> **ACTION ITEM**: In which lines of the data does the string "with" appear? Copy every one.

> **TASK INPUT**:
- - - - - - -
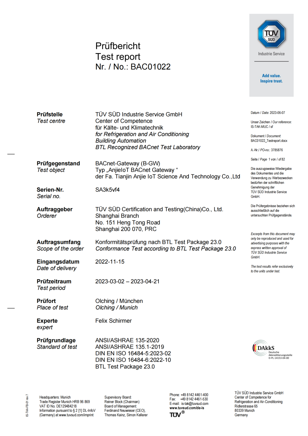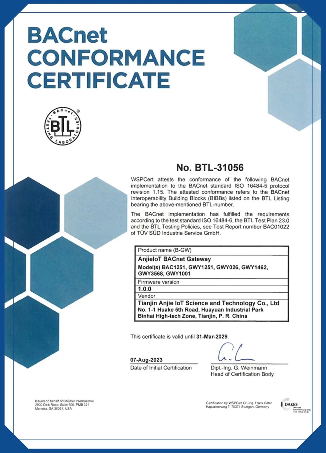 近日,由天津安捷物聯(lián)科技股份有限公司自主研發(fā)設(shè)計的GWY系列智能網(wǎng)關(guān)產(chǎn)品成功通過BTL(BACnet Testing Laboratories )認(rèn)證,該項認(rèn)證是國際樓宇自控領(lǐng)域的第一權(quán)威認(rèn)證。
- - - - - - -
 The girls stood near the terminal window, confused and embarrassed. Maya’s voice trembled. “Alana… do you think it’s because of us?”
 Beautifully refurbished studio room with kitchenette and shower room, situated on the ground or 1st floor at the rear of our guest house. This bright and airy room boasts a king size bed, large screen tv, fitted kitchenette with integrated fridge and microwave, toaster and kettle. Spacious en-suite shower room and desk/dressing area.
- - - - - - -
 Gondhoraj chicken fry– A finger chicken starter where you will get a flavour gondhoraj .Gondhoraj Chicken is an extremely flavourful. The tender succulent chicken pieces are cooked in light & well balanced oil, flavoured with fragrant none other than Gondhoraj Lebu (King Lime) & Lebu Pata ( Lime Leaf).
- - - - - - -
> **OUTPUT FOR THIS TASK**:
 Beautifully refurbished studio room with kitchenette and shower room, situated on the ground or 1st floor at the rear of our guest house. This bright and airy room boasts a king size bed, large screen tv, fitted kitchenette with integrated fridge and microwave, toaster and kettle. Spacious en-suite shower room and desk/dressing area.
 Gondhoraj chicken fry– A finger chicken starter where you will get a flavour gondhoraj .Gondhoraj Chicken is an extremely flavourful. The tender succulent chicken pieces are cooked in light & well balanced oil, flavoured with fragrant none other than Gondhoraj Lebu (King Lime) & Lebu Pata ( Lime Leaf).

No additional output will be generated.